The Laboratory for Integrative Cell and Infection Biology studies viral-host cell interactions of highly pathogenic zoonotic viruses in order to better understand how these interactions facilitate or impair viral infections, and how they influence the outcome of an infection. This work aims to understand pathogenicity determinants, and to characterize pro- and antiviral virus-host cell interactions that have the potential for exploitation as therapeutic targets. In the long term this enables the development of broadly effective drugs that are effective against both known and emerging viruses, and allows us to quickly assess the pathogenicity potential of emerging viruses.
Of particular interest to our laboratory are filoviruses (especially ebola-, marburg- and cuevaviruses) and highly pathogenic arenaviruses (especially Lassa and Junín viruses). These viruses are zoonotic agents that are transmitted from animal hosts to humans, and can then cause haemorrhagic fevers and neurological diseases with sometimes very high case fatality rates. Infectious work with these viruses takes place in the FLI’s biosafety level 4 laboratory for zoonotic agents. To complement this work we have developed a number of life-cycle modelling systems that allow to investigate the replication cycle of such highly pathogenic viruses safely outside of biosafety level 4 laboratories, and which are particularly suitable for use with high-throughput approaches such as siRNA screens. In addition to work on highly pathogenic zoonotic viruses we cooperate with other laboratories of the Institute of Molecular Virology and Cell Biology in order to study virus-host cell interactions also in the context of other zoonotic and animal pathogens.
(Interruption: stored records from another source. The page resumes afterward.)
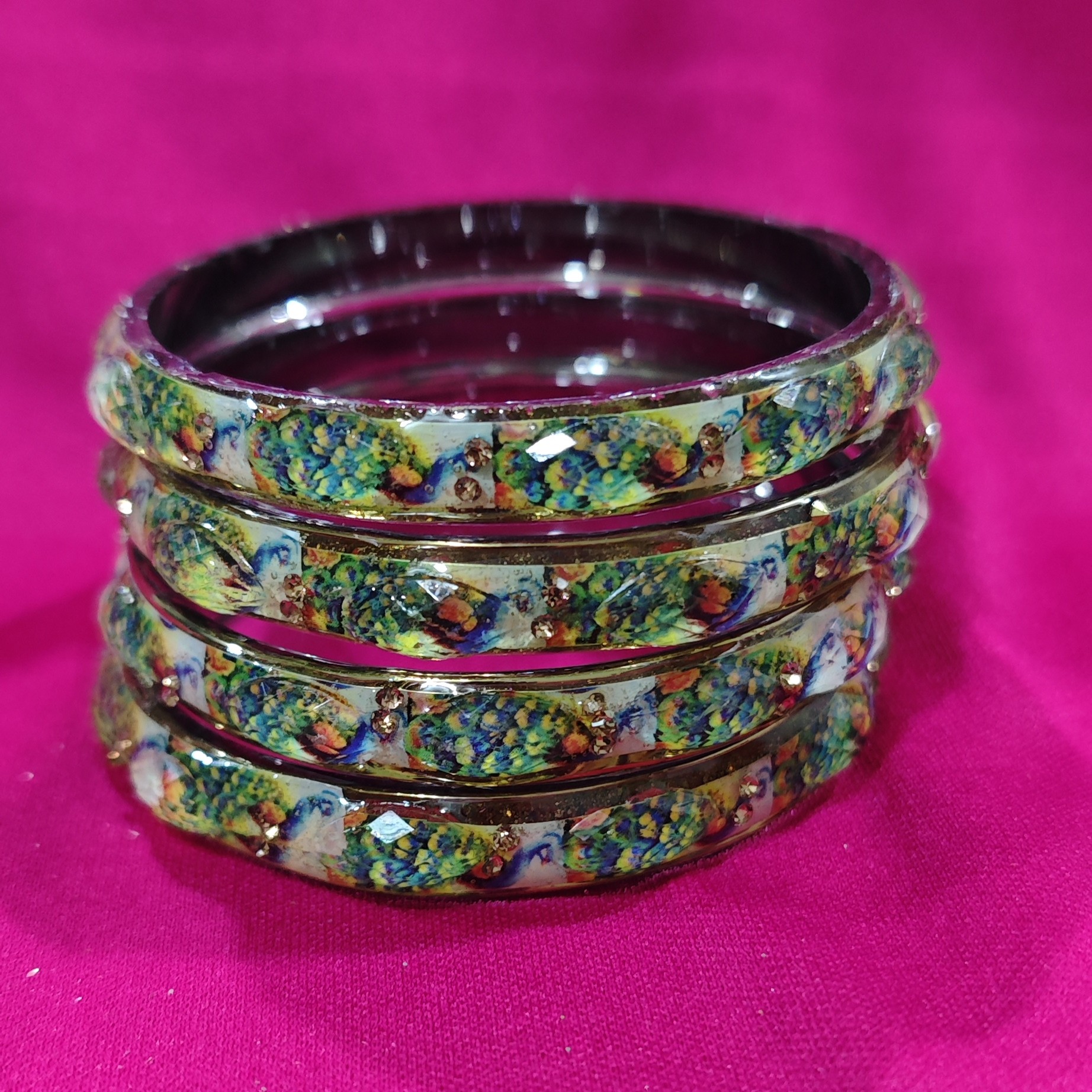 A set of 4 green tinted peacock bangles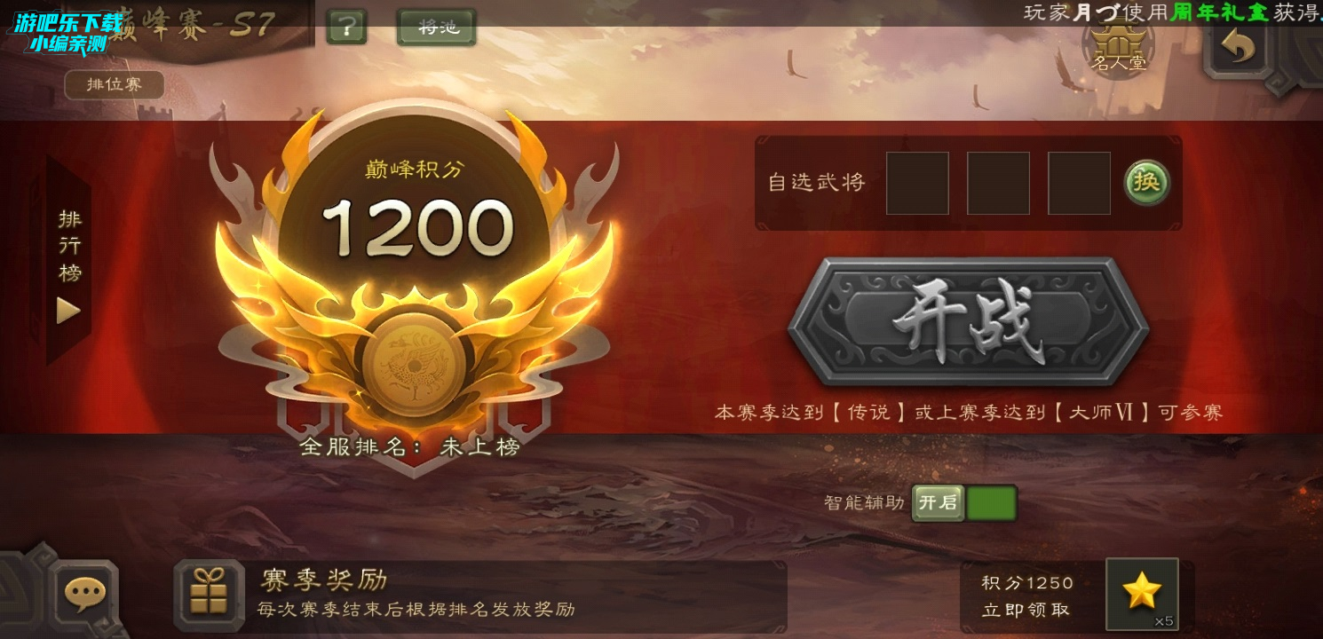 排行榜:顾名思义,但是我认为能够查看的榜单中最有用的只有巅峰赛武将分数赛季榜。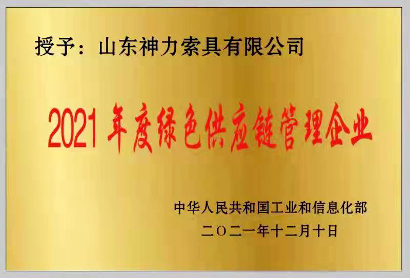 山東神力索具有限公司榜上有名,榮獲“2021年度綠色供應鏈管理企業(yè)”稱號。綠色供應鏈管理企業(yè)申報范圍涵蓋汽車、航空航天、船舶、電子電器、通信、電力裝備、大型成套裝備機械、輕工、紡織、食品、醫(yī)藥、建材、電子商務、快遞包裝等行業(yè)中代表性強、影響力大、經營實力雄厚、綠色供應鏈管理基礎好的核心企業(yè)。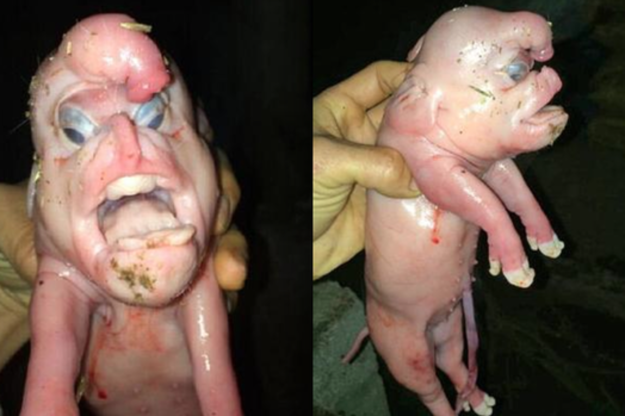 החזיר הזה לא יופיע בסרטי ילדים: תמונות וסרטון וידאו של חזיר שנולד עם פנים אנושיות משהו, ובליטה מוזרה שתלויה לו מהמצח, הגיעו לידי העיתונים הבריטיים "המירור" ו"הסאן", שדיווחו על המקרה הביזארי.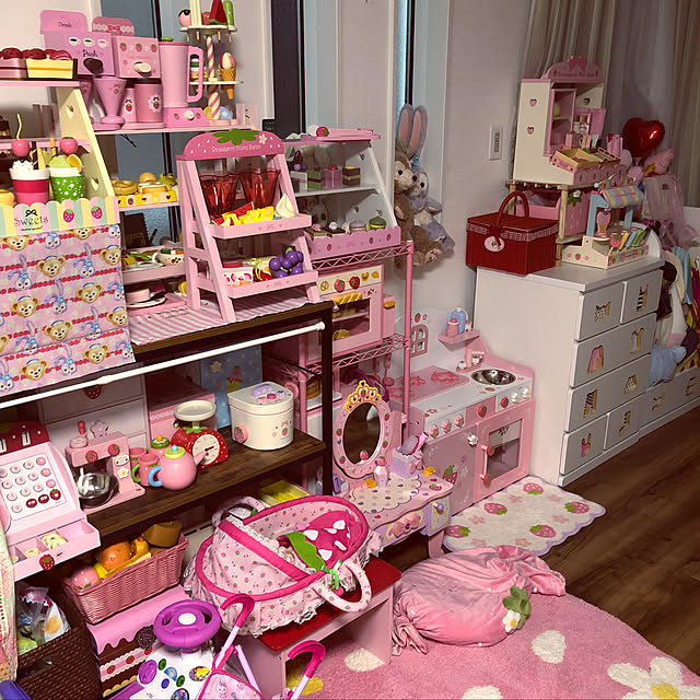 マザーガーデンのキッチンをリビングに出しました。 パステルカラーのかわいさに一目惚れで購入しました。娘もとても気に入ってくれているので嬉しいです。 カーテンもパステルピンクでプリンセス風に作ってみました。

A methodological focus of the laboratory is the production of recombinant viruses by means of reverse genetics, which we use together with life-cycle modelling systems to study individual virus-host cell interactions in more detail. In this context we apply a broad spectrum of virological, molecular biological and cell biological methods, such as Crispr/Cas9, confocal live cell microscopy, mutation analyses and CoIP methods. In addition, modern mass spectrometric approaches are pursued in cooperation with other laboratories of the Institute of Molecular Virology and Cell Biology.